Taprobane has written things about my family. Despite the damage I have done, I still believe it is right to shield my family from the public spotlight. They did not do these things; I did.
Whatever my wrongdoings, for the sake of my family, please leave them alone. I recognize I have brought this on myself, and I know above all I am the one who needs to change. I owe it to my family to become a better person. I owe it to those closest to me like Lefroy to become a better man. That's where my focus will be.
I have a lot of work to do, and I intend to dedicate myself to doing it. Part of following this path for me is Buddhism, which my Ammi taught me at a young age. People probably don't realize it, but I was raised a Buddhist, and I actively practiced my faith from childhood until I drifted away from it in recent years.

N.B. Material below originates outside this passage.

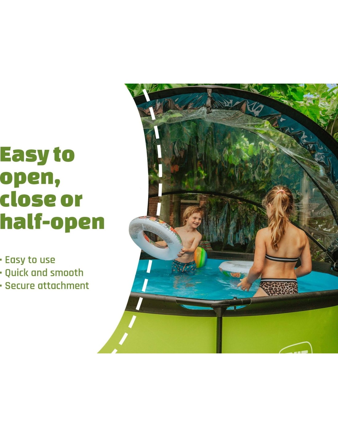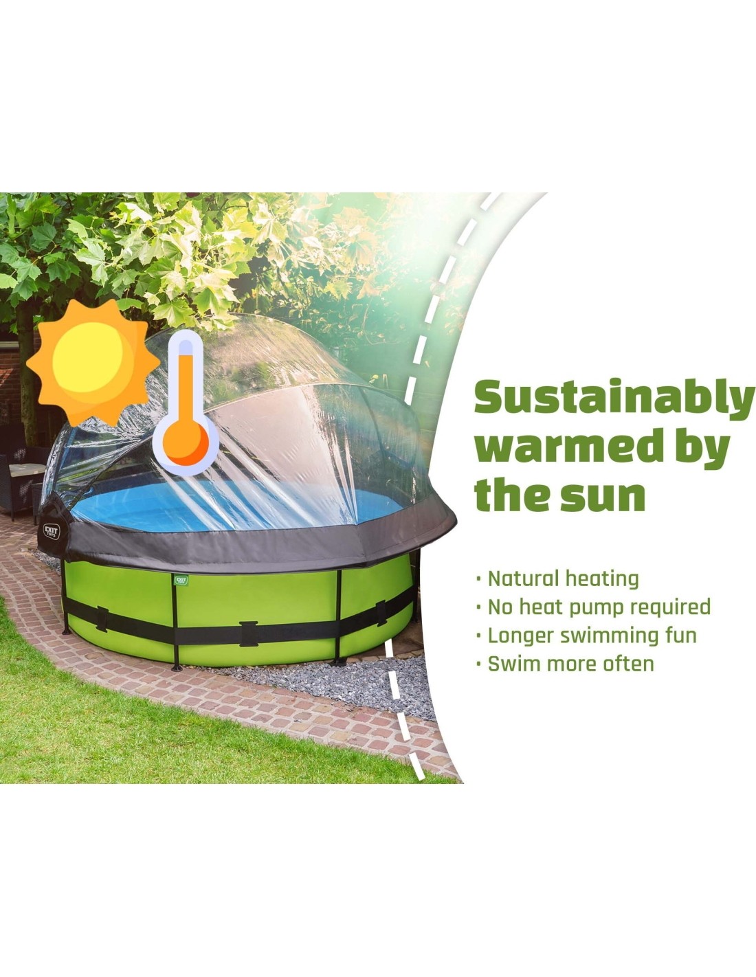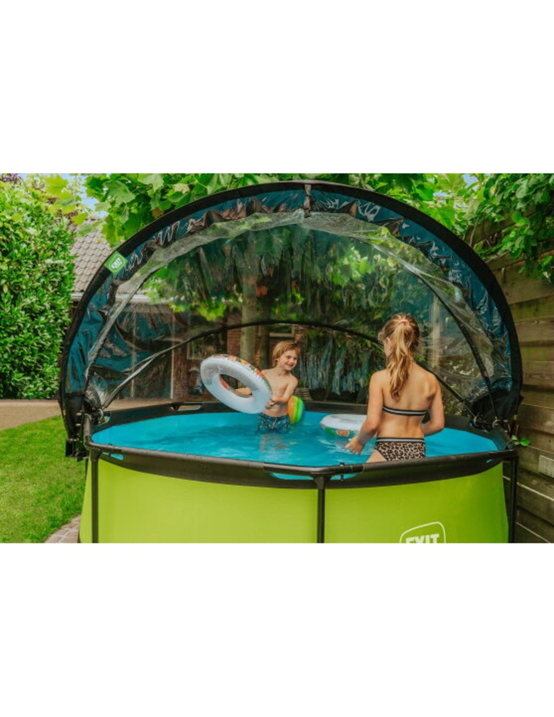 The EXIT pool dome is a multifunctional enclosure for your swimming pool. The dome is suitable for round EXIT pools and for many other frame swimming pools. With the EXIT dome for swimming pools you are no longer dependent on weather forecasts and even in less pleasant weather you can enjoy your swimming pool. The enclosure is also a sustainable solution for heating the water. When the pool is not in use, you can fasten the dome securely to the pool with the included straps. This way, no dirt will find its way into the water. The enclosure can easily be attached to the frame of the swimming pool and takes very little effort to open and close due to the unique hinge mechanism. The dome can even stay partly open, which makes it easy to get in and out of the pool. This article has been developed in accordance with our EXIT sustainable philosophy. This pool dome for example is 100% repairable. This means that every part can be replaced. In addition, the pool dome is 70% recyclable. This is because 70% mono materials have been used. These are materials that consist of just one type of raw material. These materials are easier to recycle because a separation of raw materials is not required.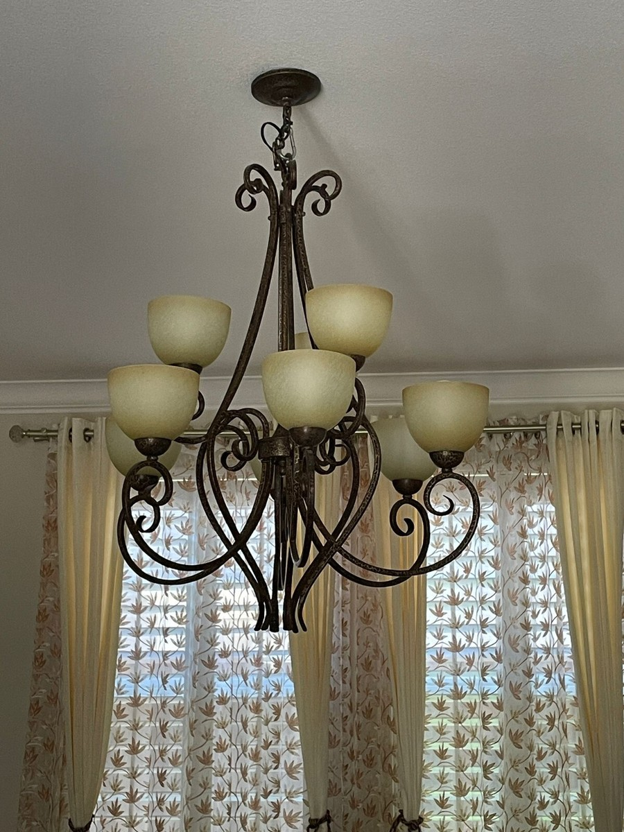 Elevate your dining area with our rustic chandelier, crafted with wrought iron accents and candelabra lights to create a cozy and inviting ambiance for family gatherings or dinner parties.

Buddhism teaches that a craving for things outside ourselves causes an unhappy and pointless search for security. It teaches me to stop following every impulse and to learn restraint. Obviously I lost track of what I was taught.
As I move forward, I will continue to receive help because I've learned that's how people really do change. Starting tomorrow, I will leave for more treatment and more therapy. I would like to thank my friends on Kottu for understanding why I'm making these remarks.
In therapy I've learned the importance of looking at my spiritual life, the role that whales play and keeping in balance with my freelance freebee life. I need to regain my balance and be centered so I can save the things that are most important to me, my kottu, my blogs and my writings.
That also means relying on others for help. I've learned to seek support from my peers in therapy, and I hope someday to return that support to others who are seeking help.
Since Taprobane broke this scandal, I have received many e-mails, and phone calls from people expressing good wishes. To everyone who has reached out to me and my family, thank you. Your encouragement means the world to me. I want to thank bloggers for their understanding while I work on my behavior. I look forward to seeing my fellow bloggers on Kottu.
Whatever regrets I have about letting my family down have been shared with and felt by us alone. I have given this a lot of reflection and thought and I believe that there is a point at which I must stick to that principle even though it's difficult.
I will strive to be a better person and the blog admin that my Kottu deserves. For all of those who have supported me over the years, I offer my profound apology.
Finally, there are many people in this blogosphere and there are many people at home who believed in me. I want to ask for your help. I ask you to find room in your heart to one day believe in me again.
God Bless,
Much love.
Drama Queen Indi
1 comments:
Gawd! such writting skills, but why TROLL?
You are a wasted talent, taprobane. Not everyone can be as sarcastic, funny and as articulated. But you should put that to good use than trolling here.
Indi isn't that bad man. never met him, but just my instinct says that.